Remus schluckte bei dem Gedanken, dass seine erste große Liebe verheiratet war.
„Aber...?", fragte Remus vorsichtig.
„...aber Tia hat nicht in ihr perfektes Bild gepasst", erklärte Carla, „Du musst wissen, dass Tia schon als Kleinkind angefangen hat, magische Fähigkeiten zu entwickeln. Zu dieser Zeit haben wir natürlich noch nicht gewusst, dass sie eine Hexe ist. Zur selben Zeit haben Eva und ich uns zerstritten. Eines Tages stand sie einfach vor meiner Tür und hat Tia bei mir gelassen. Das Kind hat sie nie kennengelernt und ich will auch nicht, dass Tia sie jemals sieht.
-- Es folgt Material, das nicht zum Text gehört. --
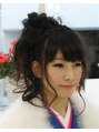 花冠みたいにサイドから編み込んでいます。バルーンっぽく大きめのカールで演出♪厚めの前髪も特徴的!!最後にリボンを作りました☆着物姿も可愛いですね(*^_^*)結婚式・二次会・成人式、お呼ばれパーティ用ヘアアレンジなら高尾まで相談して下さい♪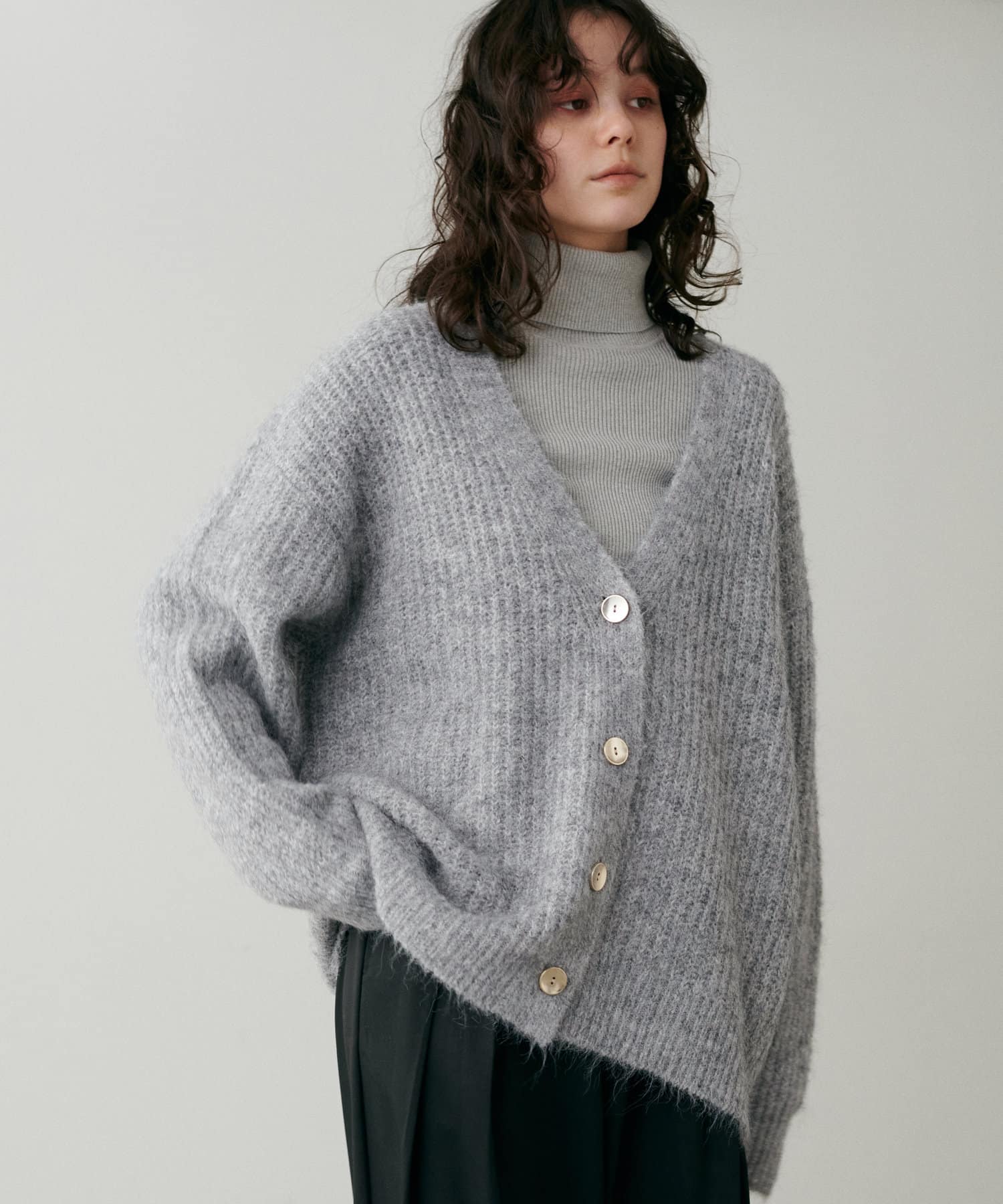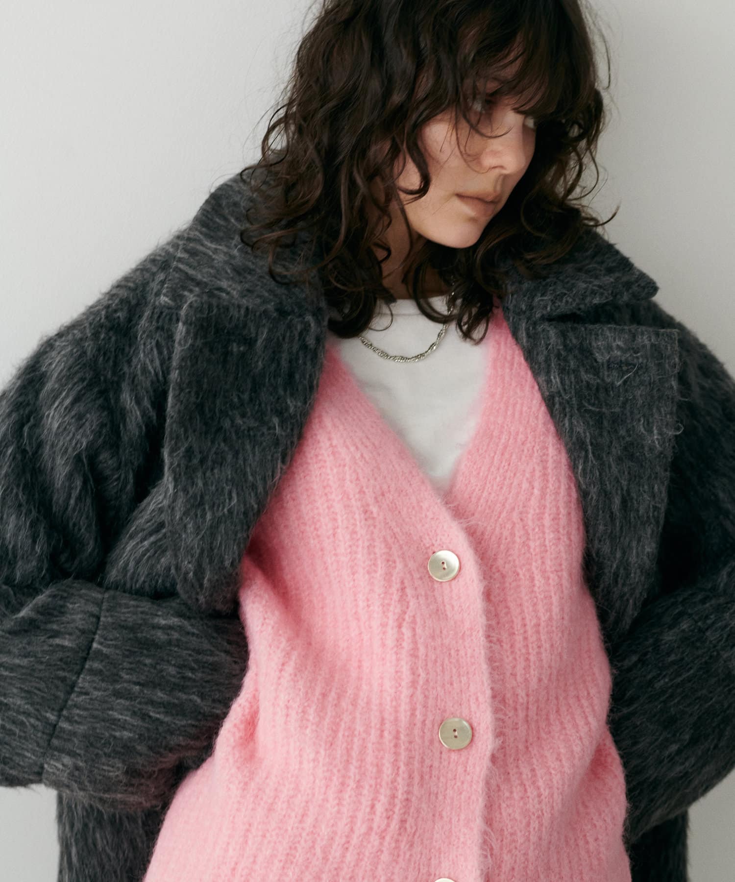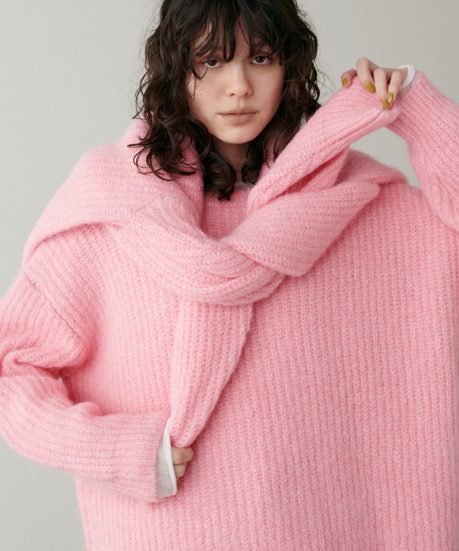 生地感:ふわふわでボリューミーなトレンドのシャギーニット素材。

Eva hat ihre Chance gehabt, eine Mutter zu sein, aber jetzt ist es zu spät."
„Also ist es auch zu spät, ein Vater zu sein?", lächelte Remus traurig und irgendwie zerbrach wirklich etwas in ihm bei dem Gedanken, dass er für Tia niemals ein Vater gewesen war, obwohl das doch seine Aufgabe gewesen wäre.
Carla und McGonagall sahen sich an.
„Remus, ich denke nicht, dass es eine gute Idee wäre, es Tia zu sagen, solange Sie noch hier unterrichten", sagte Minerva vorsichtig, „Es würde sie nur verwirren..."
„Sobald Tia ausgeschult ist, können wir sehen, was wir da machen können", versprach Carla.
„In diesem Fall kündige ich auf der Stelle und –", Remus war aufgesprungen, aber er verstummte wieder. Natürlich würde er sofort kündigen, um seine Tochter besser kennenlernen zu können, aber was würde dann mit seinen anderen Schülern passieren? Er hatte Harry versprochen, dass er ihm beibringen würde, Dementoren zu verjagen, die Schüler hatten angefangen, mit Problemen zu ihm zu kommen und selbst Tia brauchte ihn noch in der Schule, damit er ihr Nachhilfe geben konnte.
„Nein...", Remus sackte wieder zusammen, „Ich kann jetzt nicht gehen... Andere brauchen mich..."
„Sie sind ein guter Professor", McGonagall legte ihm eine Hand auf die Schulter, „Bestimmt haben Sie irgendwann die Chance, ein Vater für Tia zu sein."